Peyton is doing wonderful! Honestly I've heard horror stories about siblings and how they handle their sibling being sick. I was actually intrigued by this Ashton Kutcher video and his reaction to his twin brother being sick:
I've heard stories worse than this when it comes to siblings reactions, some kids are just really sad and can't figure out how their brother or sister can get sick, some feel guilty that it isn't them, some feel helpless and blame themselves for the illness, some get jealous because of all the attention their sibling gets, some actually blame their brother or sister and feel it's their own fault their sick and begin to hate them...the scenarios can go on and on.
So when Nathan was first diagnosed with cancer so many things swirled through my mind and at the very top was Peyton and her well being. We didn't know what we were facing but we were point blank told by our son's pediatrician that, "the journey was going to be hard and the road was going to be long."
It gave me a headache in the beginning (still does honestly) trying to figure out this new schedule of hospital stays and doctors appointments, most of which are unpredictable and since it was the winter, siblings were only allowed on the floor once a week for 3 hours a day because the risk for infection was too high. Even when Peyton came to visit she was given her own exam at the door, if she had any sniffle or fever then she wouldn't have been allowed on the floor.
I didn't know what I was going to do, most of you know that I made the decision to come home right when Nathan was born. Now though I was faced with a dilemma. Sam still had to work and though he works from home several days out of the week, those of you who've worked from home know that you can't get anything done unless someone is watching the children. Also I had to be at the hospital a lot and Peyton couldn't come. I called my mother and in conversation told her I was at my wits end because I didn't know what to do. I really didn't want to put Peyton in daycare on a whim, nor did I want to hire some unknown babysitter and even though Nathan was really sick I always had the perspective that I'm a mother of two not one and Peyton's well being was always just as important for me. She'd been home since birth changing that out of the blue wasn't something I wanted to do especially since she'd be doing it without her sibling joining her.
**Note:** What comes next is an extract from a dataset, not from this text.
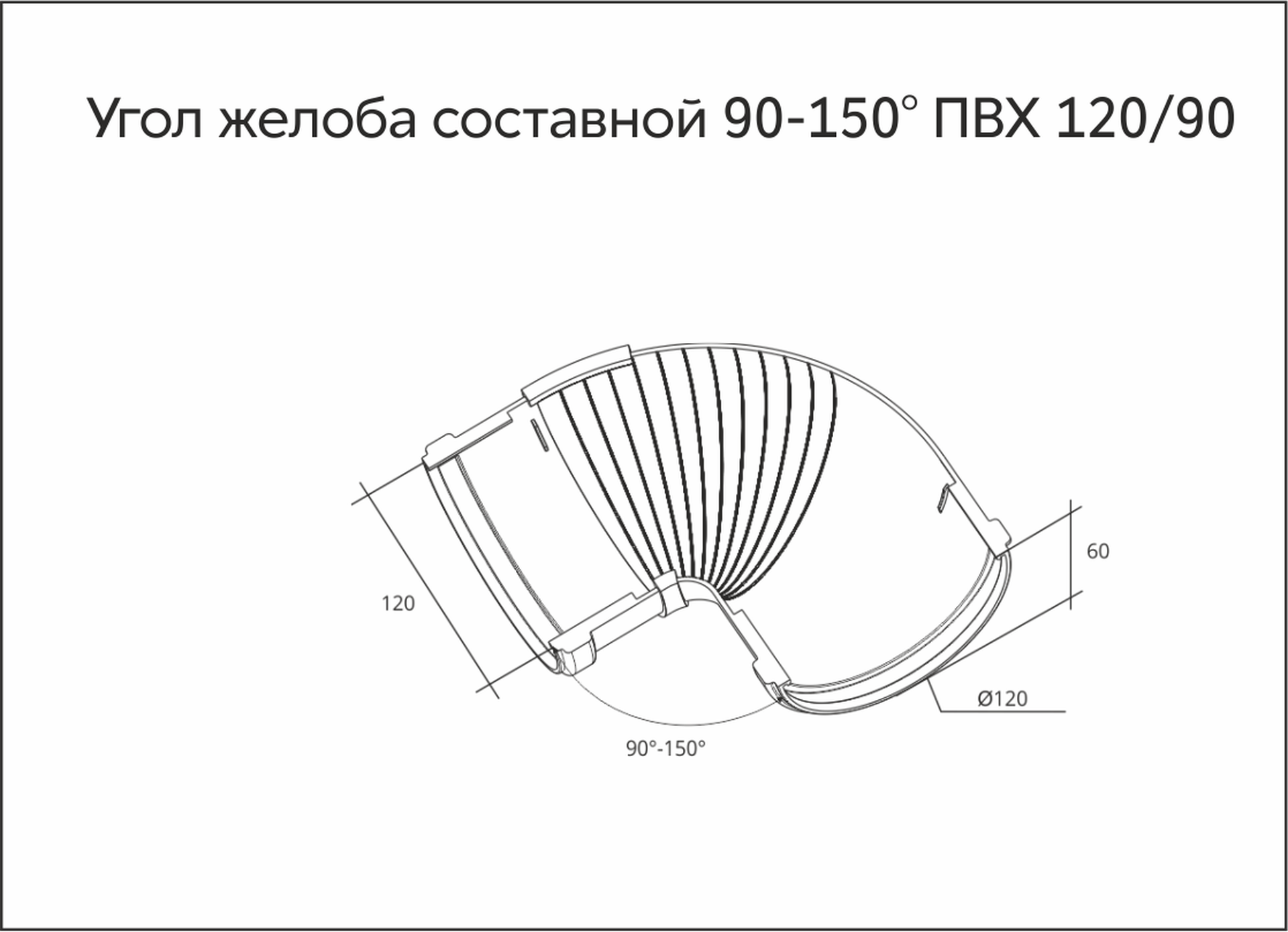 Угол желоба составной предназначен для соединения 2 желобов на углах, отличных от 90°.

So my parents called and volunteered to keep her WHENEVER we needed them too. I should note that my parents live over an hour away so this was a big deal, keeping her means she would have to stay the whole week sometimes or longer.
This was such a huge weight off of our shoulders. I was able to tend to Nathan knowing Peyton was being taken care of and surrounded by unconditional love and because my parents are always 'on the go' I knew she would be exposed to so many things which was also good so I was able to relax in this area.
Peyton seems to be adjusting quite well. We're pretty open about Nathan's illness around here. We don't harp on it but we try to explain it to them the best we can. For awhile it was pretty common for Peyton to play doctor on her dolls. She knows what medicine is now and she understands that Nathan gets shots. As a matter of fact she's the 'look out.' When Sam and I are preparing Nathan's needle she runs to alert him that a shot is coming, I'm not sure if he put her up to that or not.
The fact that Peyton is only two has a lot to do with her being so unaware, she understands a lot but her nor Nathan for that matter can fully comprehend the seriousness of the situation. I'm pretty grateful for that. I've heard stories of when older kids are diagnosed who understand what cancer is and what the outcome can be and have some heavy questions that their parents can't answer and me nor Sam have been put in that situation because of Nathan and Peyton's age and that's been a blessing.
Peyton brings me unspeakable joy. I love listening to her talk. I love watching her play with her brother. She pats him on the back when he cries and shares her toys with him. She's also into saying "I'm sorry" when she needs too, the other day she bumped him by accident and I heard "Sorry Nathan, Sorry" and it was the cutest thing because her voice is so small. I do get sad at times when I watch them play as I pray for God to heal Nathan, I wanted them to be best friends and I truly feel their pretty close. Yes they do fight like all siblings do but I can honestly say they play together really well and seem to enjoy each others company. When Peyton's away at my parents Nathan usually goes looking for her when he wakes up in the morning until I tell him she's at Grandma's and when Nathan is at an appointment it's common for Peyton to say "Mommy where's Nathan?"
I promise to share more on Peyton in the future from time to time because people do always ask about 'Miss Peyton' as she's so affectionately called now. But just wanted to let you know she's doing great!